Theoretical impulse response and its normalization

[omg!]

greetings, helpful people around the world,

we all have heard once in our lives that the signal that is measure from your instrument, be it a spectrometer, optical microscope or an NMR machine, is not the real signal distribution, but the convolution of the real signal with an instrument function, sometimes called impulse response, resolution function, or who knows what.

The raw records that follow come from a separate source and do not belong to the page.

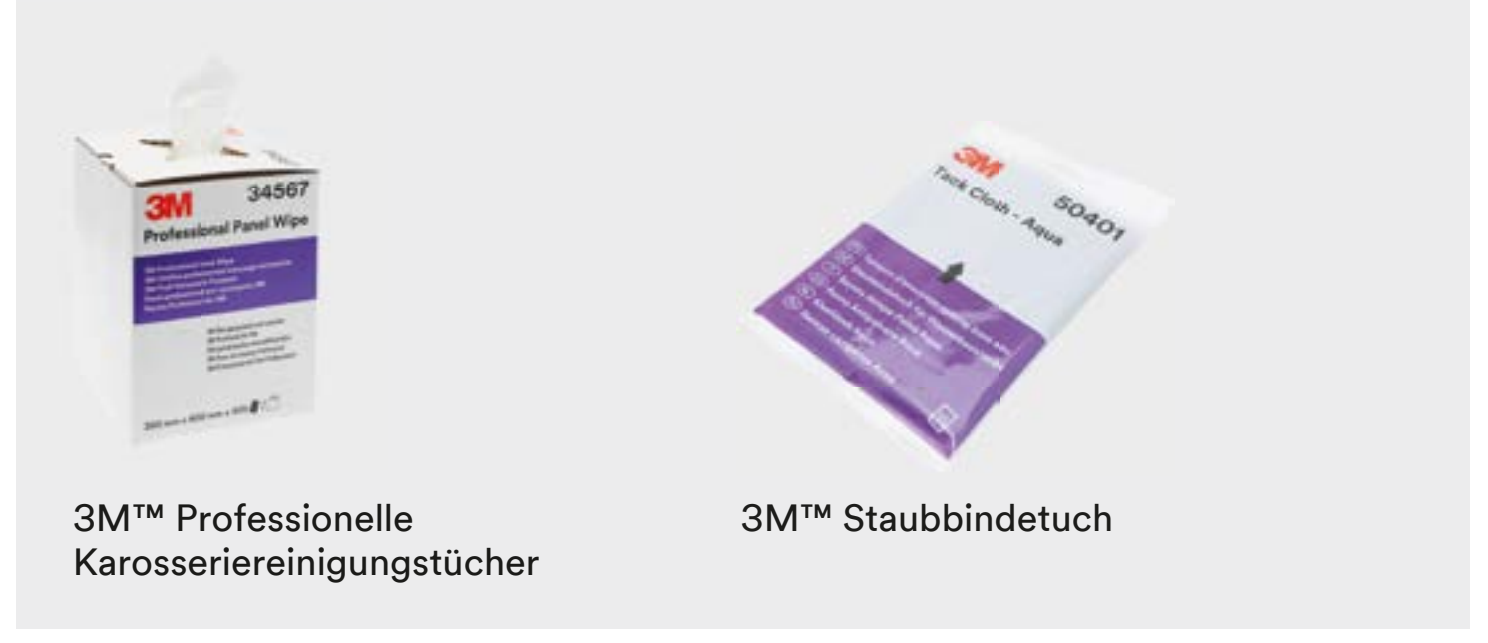
3M™ Professionelle Karosseriereinigungstücher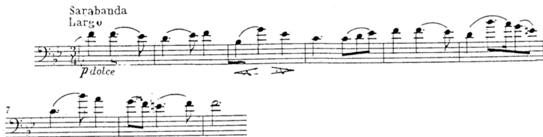
Figura 6. Sonata en Sol Menor – Sarabanda – Compás 1 a 9.

Fuente: HÄNDEL, Georg Friedrich.. Sonata en Sol Menor. Adaptación hecha por W. Sliwinski del Concierto para oboe, orquesta de cuerdas y chémbalo.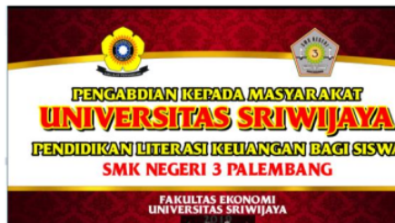
Gambar 6. Banner Kegiatan Pengabdian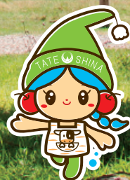
立科町マスコットキャラクター 「しいなちゃん」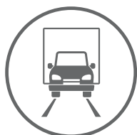
DROGI I POWIERZCHNIE OBCIĄŻONE RUCHEM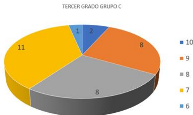
Figura 15. Gráfica que representa en calificación numérica

Como se puede observar la mayoría de los alumnos se encuentran con un promedio final que los ubica en el nivel bueno, puesto que el promedio final es de 8.5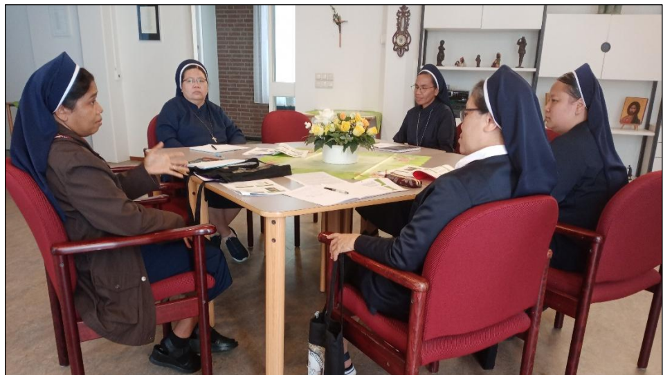
Sharing kelompok saat rekoleksi

Siapa yang akan mengunjungi makamku? Yesus mengingatkan aku bahwa aku harus melakukan segala sesuatu untuk kemuliaan Tuhan selagi aku hidup.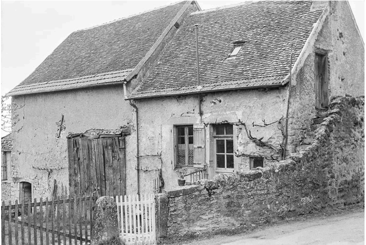
Ferme de polyculture, située dans la partie ouest du hameau.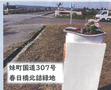
妹町国道307号 春日橋北詰緑地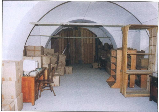
Sl. 11 Privremeni, neuvjetni depo u koji je odlukom Gradskog poglavarstva preseljen velik dio vrijedne bibliotečne građe

U 2001. godini predviđeno je za ove poslove =800.000,00 kn, a radove financira Ministarstvo kulture

my (first) question concerns the absolute scaling of the impulse response. is it a normalized function? if you had an instrument with a tunable impulse response, say an optical microscope with a tunable objective numerical aperture, how does the impusel response change as numerical aperture is varied? the width of the function obviously will vary, but what happens with its amplitude?

thank you all!

 

[eljose79]

Dear poster,

Thank you for bringing up an important topic in the field of instrumentation. You are correct in stating that the signal measured from an instrument is not the exact representation of the sample being studied, but rather a convolution of the real signal with the instrument function. This is a crucial concept to understand in order to accurately interpret and analyze data obtained from instruments.

To answer your first question, the absolute scaling of the impulse response depends on the specific instrument being used. In general, the impulse response is a normalized function, meaning that its amplitude is scaled to a maximum value of 1. This allows for a consistent comparison between different instruments and their respective impulse responses.

In regards to your second question, the impulse response does change as the numerical aperture is varied in an optical microscope. As you mentioned, the width of the function will vary, but the amplitude will also change. As the numerical aperture is increased, the amplitude of the impulse response will decrease. This is because a higher numerical aperture allows for more light to be collected, resulting in a stronger signal and a narrower impulse response.

I hope this answers your questions. Keep exploring and questioning in the world of science!